Mon travail existe dans le contexte d’un intérêt pour les diagrammes. Il met en exergue une façon de penser l’art qui se base sur la logique de la fonction : la “machine abstraite”, une formule empruntée a Gilles Deleuze. Dans mon œuvre, la pièce d’art est ‘machine’ pour dessiner, pour mesurer, pour escalader, pour le sexe, pour la mort. La réalisation de l’œuvre se produit dans l’expérience, comme une performance où le réel et l’imaginaire se rencontrent. Le personnel n’est pas séparé de ce qui est impersonnel, ce que je vois dans la rue, dans une galerie, dans un livre, ou dans mon bain… Mon histoire se place naturellement durant le travail, elle n’est pas la motivation du travail ni une fin en soi.

Dans mon travail, la surface est ‘territoire’. Les toiles se réfèrent en couleur et en texture au monde matériel. Les fonds de toiles sont souvent gris comme les pavés de la ville, couverts d’éraflures, de signes et d’empreintes. Les matériaux proviennent de toutes sphères de la vie, et sont comme noyés dans le travail d’assemblage, parfois des mots sont incrits sur la toile. Ils ont pour fonction de laisser la trace de mes pensées, notes énigmatiques placées durant mon le travail, ce sont des mots qui ne sont pas vraiment adressés. Certaines oeuvres intègrent des objets trouvés, ou des objets ayant appartenus à ma famille, leur fonction première est déplacée, l’objet perd ainsi de son affect passant du domaine du personel à ce qui n’est pas personnel, mais public.
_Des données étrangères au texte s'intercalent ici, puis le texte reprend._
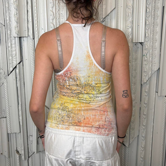 Harley Davidson yellow and white racerback tank top with “tribal print”
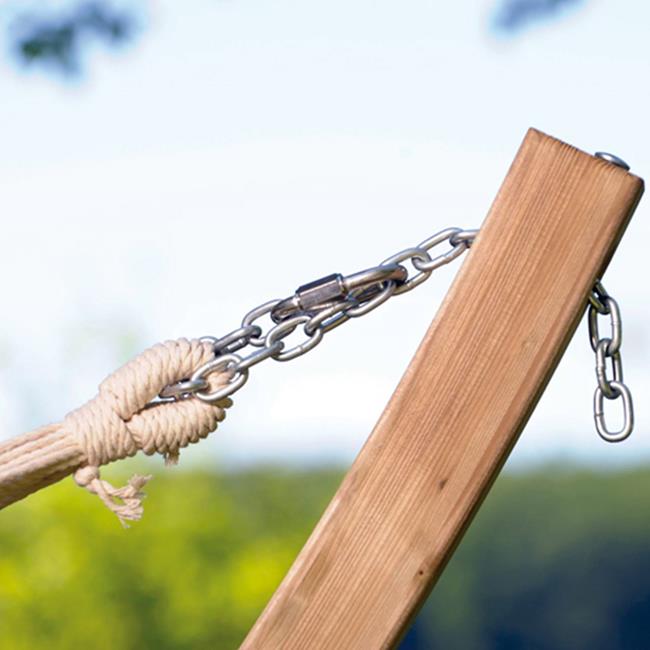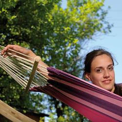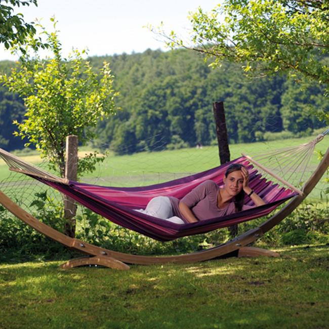 The elegant handcrafted stand is made of spruce and is highly stable and secure thanks to its quality glue laminated wood structure. Not a giant but comfortable – thanks to extra-long cords and an extra-broad cloth width we have accomplished that even smaller hammocks are really comfortable! The hammock is made of EllTex and provides optimal resistance to weather and UV light.

L’objet est ainsi recyclé (je gagne de la place), et son histoire transcendée car il participe à la création de quelque chose de totalement nouveau.

Les toiles, rectangulaires ou trapezoidales, sont à la fois peinture et objet: de loin elles semblent solides comme des sculptures, en approchant de la toile un phénomène de transparence s’effectue et elles s’ouvrent. La structure laisse alors place à la reverie.
C’est une façon de penser l’acte de peindre comme une promenade architecturale et le support de la toile comme un territoire. Mon travail alors se débat avec le problème de la limitation et des contraintes, de la distance aux choses, et à mon histoire avec l’architecture et le modernisme.

Il y a dans mes oeuvres une dichotomie entre le physique et le mental, une anxiété contenue. Le spectateur va être peut être pris d’un léger moment d’inconfort, jusqu’a ce que l’oeil se joigne a l’esprit et suive d’autres chemins…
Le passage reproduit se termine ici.